Is there a means of multiplexing with analog switches so I can just do this with 8 samples of 8 adcs inputs on a uC?
Have a look at a 4051 ic, its a 8 channel analogue multiplexer.
Just use the address pins to switch the resitors to be sampled through to the adc.
If I misundertood that and you have a resistor matrix then there is or was a cmos multiplexer chip that is a crosspoint switch, cant find it now, but I did find this:
Actually I'm assessing the location of chess pieces using a pair of embedded 1/8" dia. neodymium magnets (in the checker board squares) 'connecting' to a resistor on the base of each chess piece.
A variation in voltage drop of about 0.2 V per resistor divider should be fine from the 3.7V supply. Need to identify 12 individual values (6 types of pieces x 2players)
I think a single ADC pin can do this with an open collector (sink or source) method of selecting a specific resistor (board square).
Because of the supply voltage I can't use a TPIC6B595 open drain SIPO register. I plan to go with (rank & file) 74HC595's driving some BISS bipolar transistors to 'activate' any individual square to assess the presence of a resistor in a chess piece base with the ADC sample.
Use 8 output pins of your uC to power individual rows (only 1 pin set to output at a time). Use a fixed value resistor from columns to ground and 8 analogue pins can read each column. No need for any additional chips. As each (pic) pin can sink/source 25mA you should ensure the maximum leg current is no more than 3mA. A quick calc suggest a fixed value of 1k and piece values of 200, 400, 680, 1050, 1600 & 2500 will give ADC readings over 100 apart. I'd use the higher value resistors in the most common pieces to ensure you don't draw too much current from a pin.

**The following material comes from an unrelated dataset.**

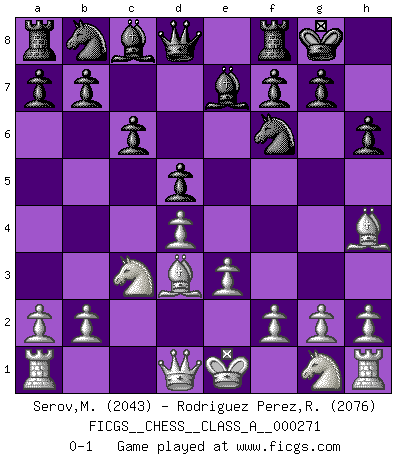 Last move : 0-1 2023 September 18 23:48:1 [Event "FICGS__CHESS__CLASS_A__000271"] [Site "FICGS"] [Date "2023.07.21"] [Round "1"] [White "Serov,Maksim"] [Black "Rodriguez Perez,Rene"] [Result "0-1"] [WhiteElo "2043"] [BlackElo "2076"] 1.d4 d5 2.c4 e6 3.Nc3 Nf6 4.cxd5 exd5 5.Bg5 Be7 6.e3 h6 7.Bh4 O-O 8.Bd3 c6 0-1 This chess game has been lost on time (started : 2023.07.21 9:18:32) Follow this game move after move (download)We cannot resist the fascination of sacrifice, since a passion for sacrifices is part of a Chessplayer's nature. (Rudolf Spielman) Im Blitz ist es einfacher mit einer Figur weniger anzugreifen, als sich mit einer Mehrfigur zu verteidigen. (Mikhail Nekhemyevich Tal) Un jugador que trata de regresar una movida en el Ajedrez es un futuro carterista. (Richard Fenton) Le pion, dans sa simplicité, marche droit devant lui, mais lorsqu'il prend, il le fait obliquement? Ainsi l'homme, tant qu'il reste pauvre, marche dans la droiture et vit honnêtement, mais lorsqu'il recherche les honneurs, il flatte, se parjure et, par les voies obliques, cherche une position supérieure sur l'échiquier du monde. (Jean de Galles) We're missing something. (Gregory House, House M.D.)

Edit, just realized I only accounted for 6 pieces but you should be able to work out suitable resistors. Just be sure to limit the current to 4mA per leg and calculate the acquisition time for the ADC. I say 4mA as that will only be drawn by the kings (with each lower piece taking less) so a line should never exceed 25mA.
Ok, that seems reasonable....
I'd need a fixed resistor to ground for each of the 64 squares. Perhaps a 2.7k or so.

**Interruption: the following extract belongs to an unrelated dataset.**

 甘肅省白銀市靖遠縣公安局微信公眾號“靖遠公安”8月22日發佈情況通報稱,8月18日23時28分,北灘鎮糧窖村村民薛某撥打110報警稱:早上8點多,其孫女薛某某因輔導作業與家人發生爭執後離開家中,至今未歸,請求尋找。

Then 12 distinct values for the bases of the pieces.
I 'scan' the rows with the 8 dig. pins and sample the columns with the 8 ADC pins to identify voltage drop ratios which can be used in a lookup table to identify the chess piece.
Edit, actually I might just need 8 fixed column resistors, not 64, once the rows are tristated when not scanning.
Yes, you only need 8 column resistors. Make 1 output high and the others input and scan the 8 analogue pins. Repeat for other seven digital outputs. If you give the kings the lowest value resistor and pawns the highest then you will limit the max current draw for a single row which will happen at the start of the game. If you swap the ports so the columns are the digital output then the current should be more even throughout the game.
If you only intend to play standard chess and not something like Fischer chess then you dont need to sense the pieces themselves. This is because every game starts out with the pieces on the same squares every game, and all you have to do is track their movement FROM and TO squares and detect when a piece has been captured. This makes it much simpler.
For example, at the start of the game you load the matrix with the pawns and pieces. If you detect a FROM square of e2 and TO square of e4 then you know that it had to be a pawn because a pawn had to be on e2 to start. Later in the game the pieces will have moved to different squares and some captures, but you'll keep the matrix updated for each and very move. If you like you can even detect illegal moves.
There are some special moves that you can also detect like en passant just from what pawn moved prior to the current move, and pawn promotions require a separate input on the part of the user/player so they can enter in what type of piece they want to promote to.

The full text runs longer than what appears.